[Task brief] Word for word, copy all the data and drop the pictures.

[Exercise material]
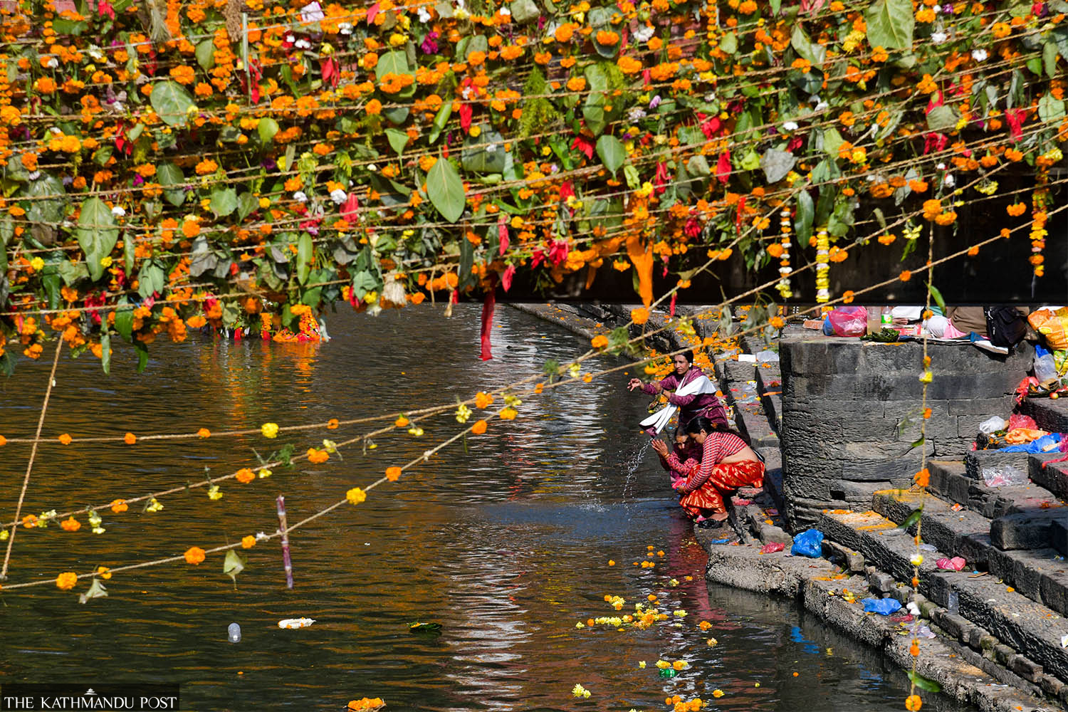 Devotees offer prayers on the Bagmati riverbank at Pashupatinath Temple in Kathmandu on the occasion of Haribodhini Ekadashi on Tuesday. Deepak KC/TKP
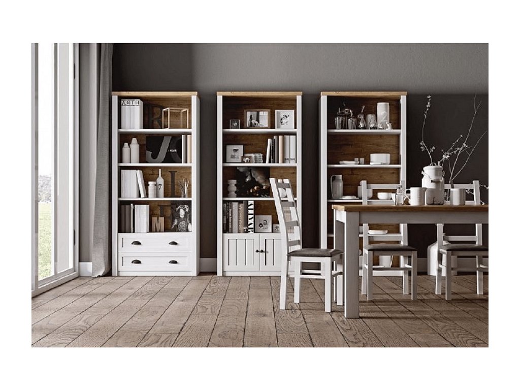 Regál R1 ze sektorového systému PROVANCE v provedení sosna andersen / dub lefkas. Materiál: DTD laminovaná Rozměry (ŠxHxV): 90x43x198 cm Tloušťka materiálu korpus: 15 mm Tloušťka materiálu vrchní desky: 36 mm
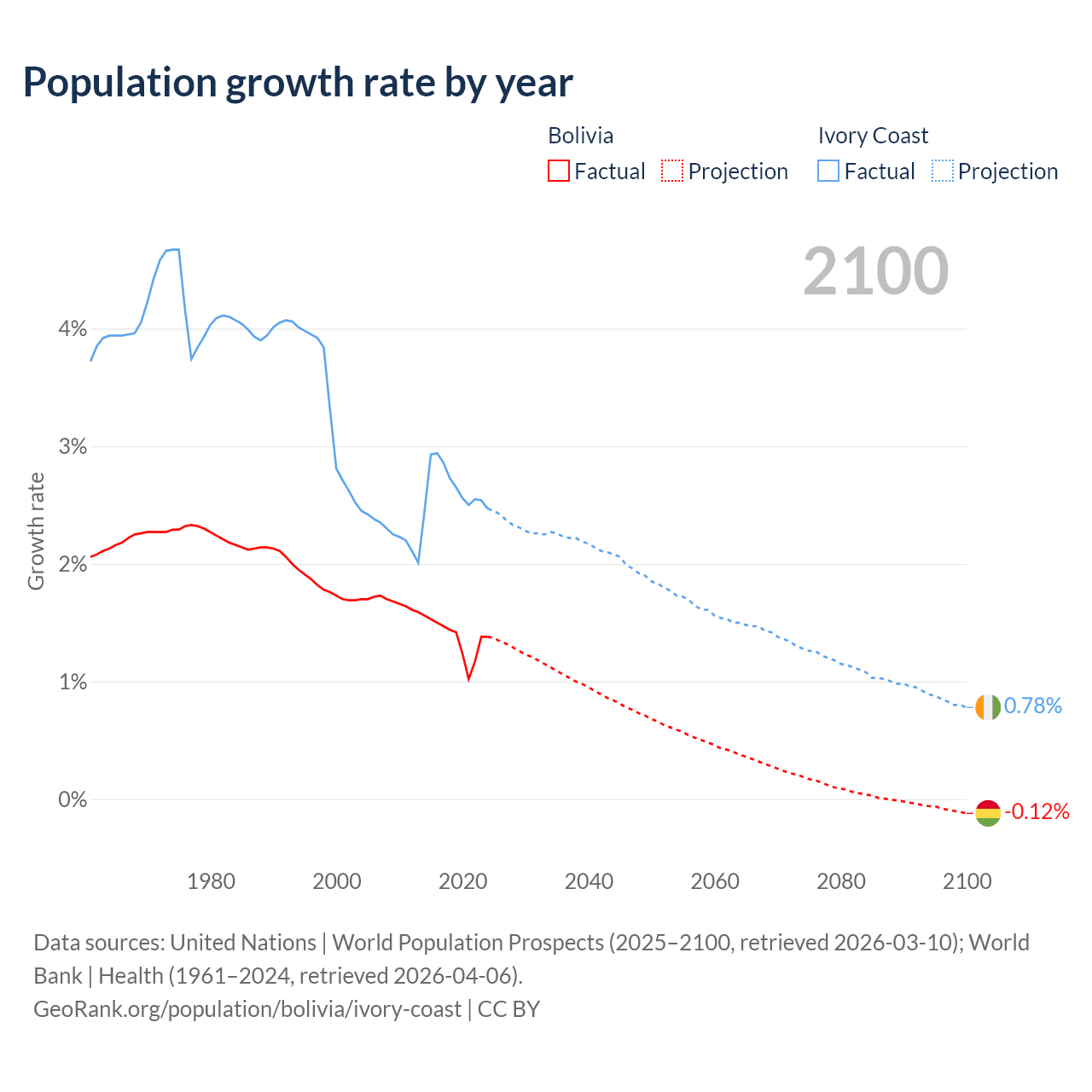 - For the last 10 years, Bolivia has had an average growth rate of +1.37% per year vs +2.65% in Ivory Coast.
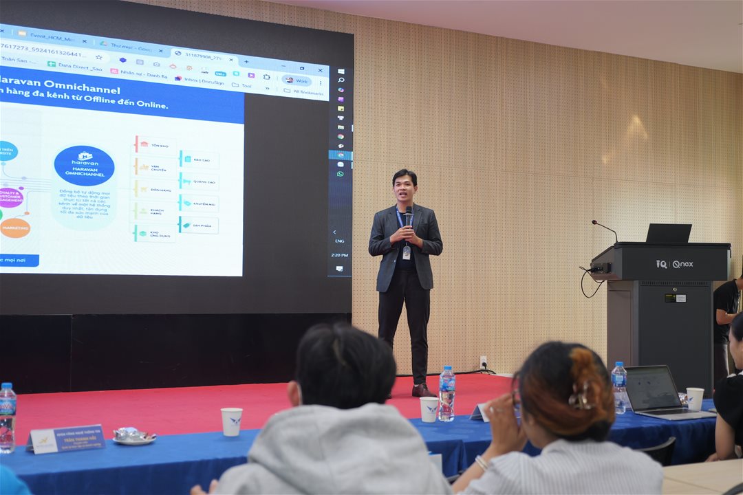 Diễn giả Nguyễn Toàn Sao, chuyên gia đào tạo đến từ Haravan, đã mang đến những câu chuyện thực tế, bài học kinh nghiệm và xu hướng ứng dụng công nghệ trong thương mại điện tử tại Việt Nam.
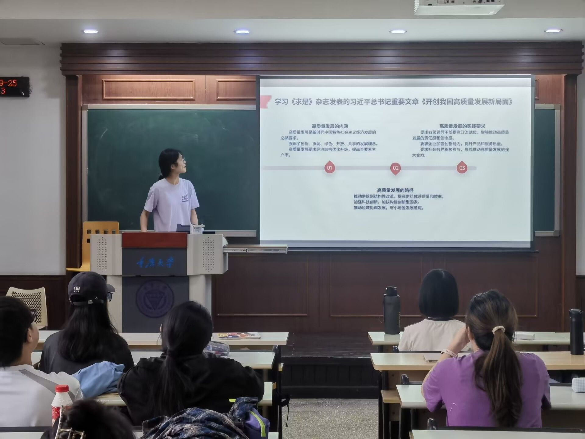 2022级经济学2班团支部在第五教学楼开展“凝聚改革共识,激发奋进力量”主题团日活动。本次活动包含讲解党的二十届三中全会精神以及宣传绿色发展理念两个板块的内容,以及同学讨论发言共三个部分。
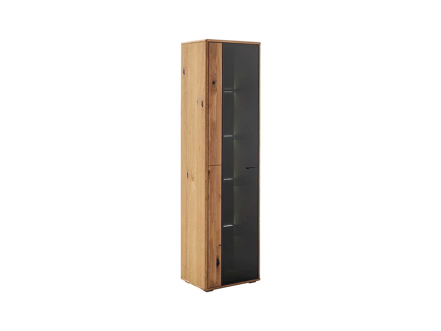 Wohnzimmervitrine schmal in Wildeichefarben und Anthrazit 190 cm hoch
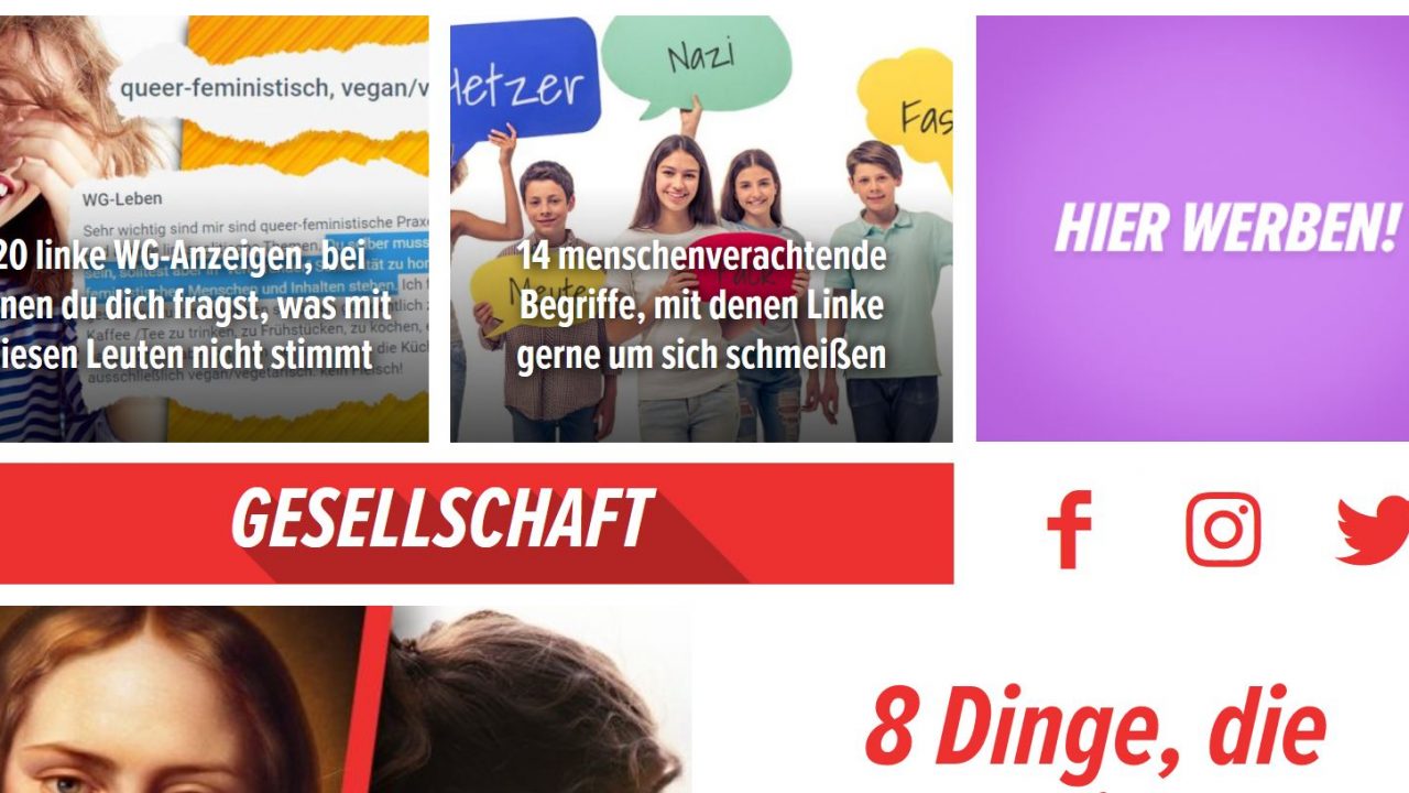 - Bsp: „20 linke WG-Anzeigen, bei denen Du Dich fragst, was mit den Leuten nicht stimmt“ (sie sind nicht rechts)
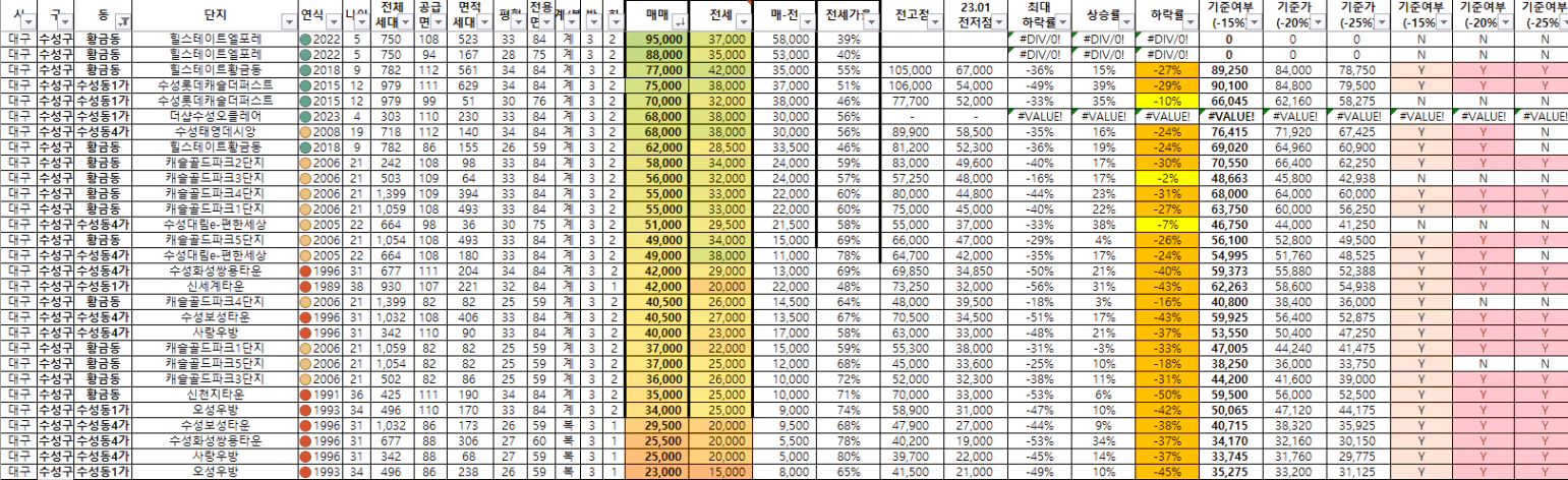 지난 1월대비 시세가 야금야금 몇천정도 올라있지만 구축은 거의 대부분 전고점대비 25%이상 하락한 가격.
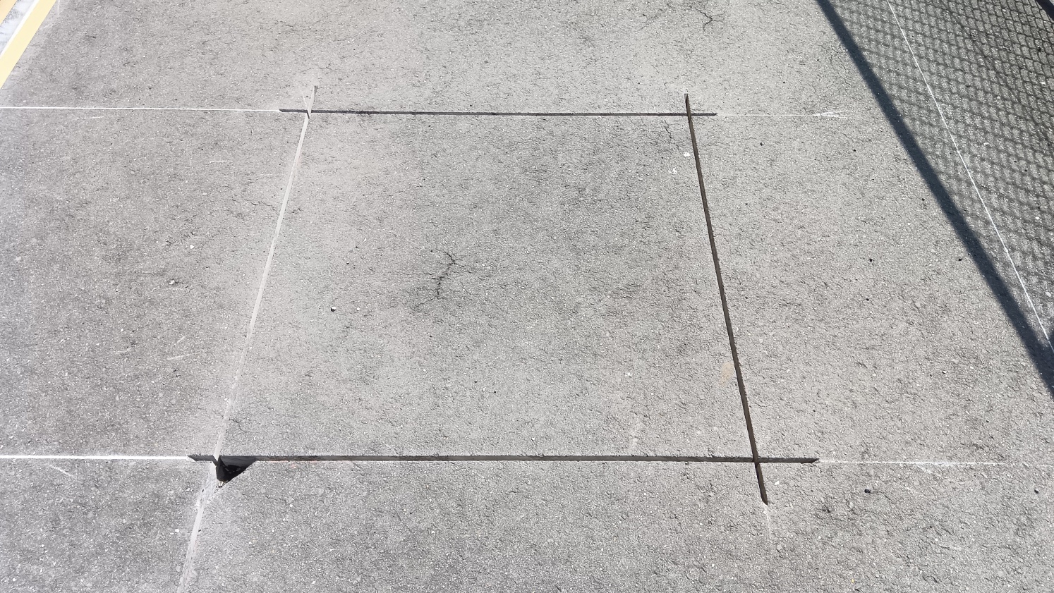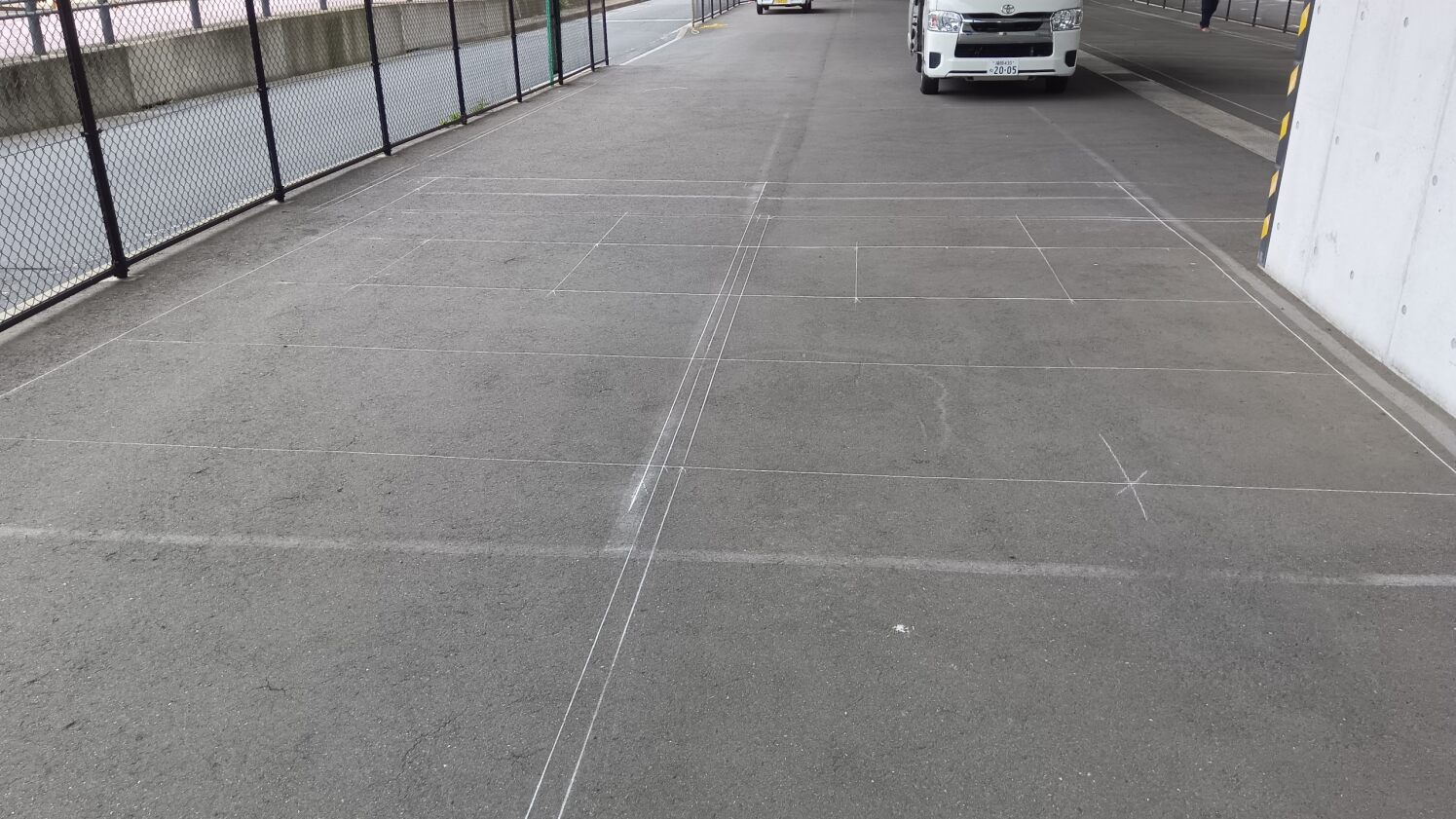 ・上記写真は、工事開始直後の「墨出し」と言われる、いわば下書きのようなものです。車室線を引くための準備、後述するカッター工事のための準備作業となります。
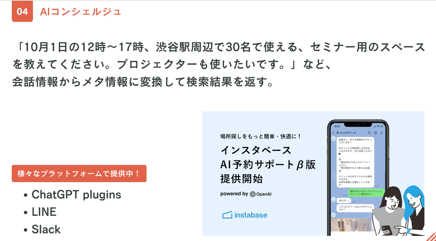 株式会社Rebaseが手がけるレンタルスペースのマッチングプラットフォーム「instabase」では、先日、生成AI(ChatGPT)を活用した新機能の提供を開始しました。
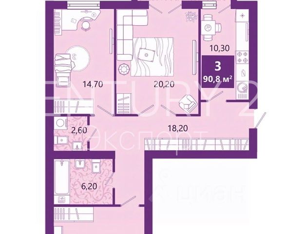 • Общая площадь: 52.8 м2 (без учета балкона 10.1 м2)
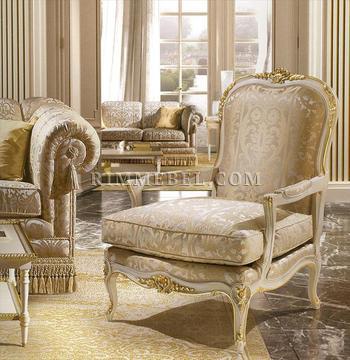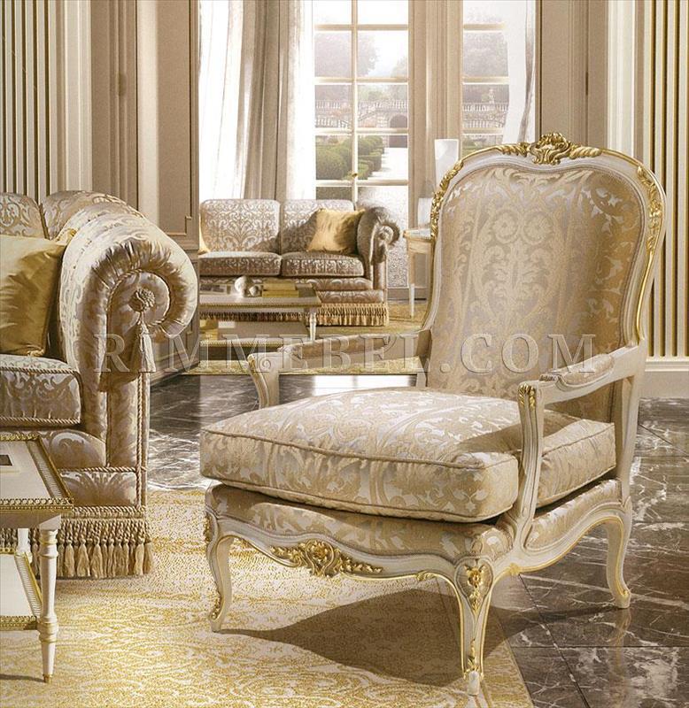 Кресло, подлокотники с мягкими накладками. Декорировано резными элементами ручной работы. Наполнение - полиуретан. Возможны различные варианты обивки и отделки.

[Answer]
 Devotees offer prayers on the Bagmati riverbank at Pashupatinath Temple in Kathmandu on the occasion of Haribodhini Ekadashi on Tuesday. Deepak KC/TKP
 Regál R1 ze sektorového systému PROVANCE v provedení sosna andersen / dub lefkas. Materiál: DTD laminovaná Rozměry (ŠxHxV): 90x43x198 cm Tloušťka materiálu korpus: 15 mm Tloušťka materiálu vrchní desky: 36 mm
 - For the last 10 years, Bolivia has had an average growth rate of +1.37% per year vs +2.65% in Ivory Coast.
 Diễn giả Nguyễn Toàn Sao, chuyên gia đào tạo đến từ Haravan, đã mang đến những câu chuyện thực tế, bài học kinh nghiệm và xu hướng ứng dụng công nghệ trong thương mại điện tử tại Việt Nam.
 2022级经济学2班团支部在第五教学楼开展“凝聚改革共识,激发奋进力量”主题团日活动。本次活动包含讲解党的二十届三中全会精神以及宣传绿色发展理念两个板块的内容,以及同学讨论发言共三个部分。
 Wohnzimmervitrine schmal in Wildeichefarben und Anthrazit 190 cm hoch
 - Bsp: „20 linke WG-Anzeigen, bei denen Du Dich fragst, was mit den Leuten nicht stimmt“ (sie sind nicht rechts)
 지난 1월대비 시세가 야금야금 몇천정도 올라있지만 구축은 거의 대부분 전고점대비 25%이상 하락한 가격.
 ・上記写真は、工事開始直後の「墨出し」と言われる、いわば下書きのようなものです。車室線を引くための準備、後述するカッター工事のための準備作業となります。
 株式会社Rebaseが手がけるレンタルスペースのマッチングプラットフォーム「instabase」では、先日、生成AI(ChatGPT)を活用した新機能の提供を開始しました。
 • Общая площадь: 52.8 м2 (без учета балкона 10.1 м2)
 Кресло, подлокотники с мягкими накладками. Декорировано резными элементами ручной работы. Наполнение - полиуретан. Возможны различные варианты обивки и отделки.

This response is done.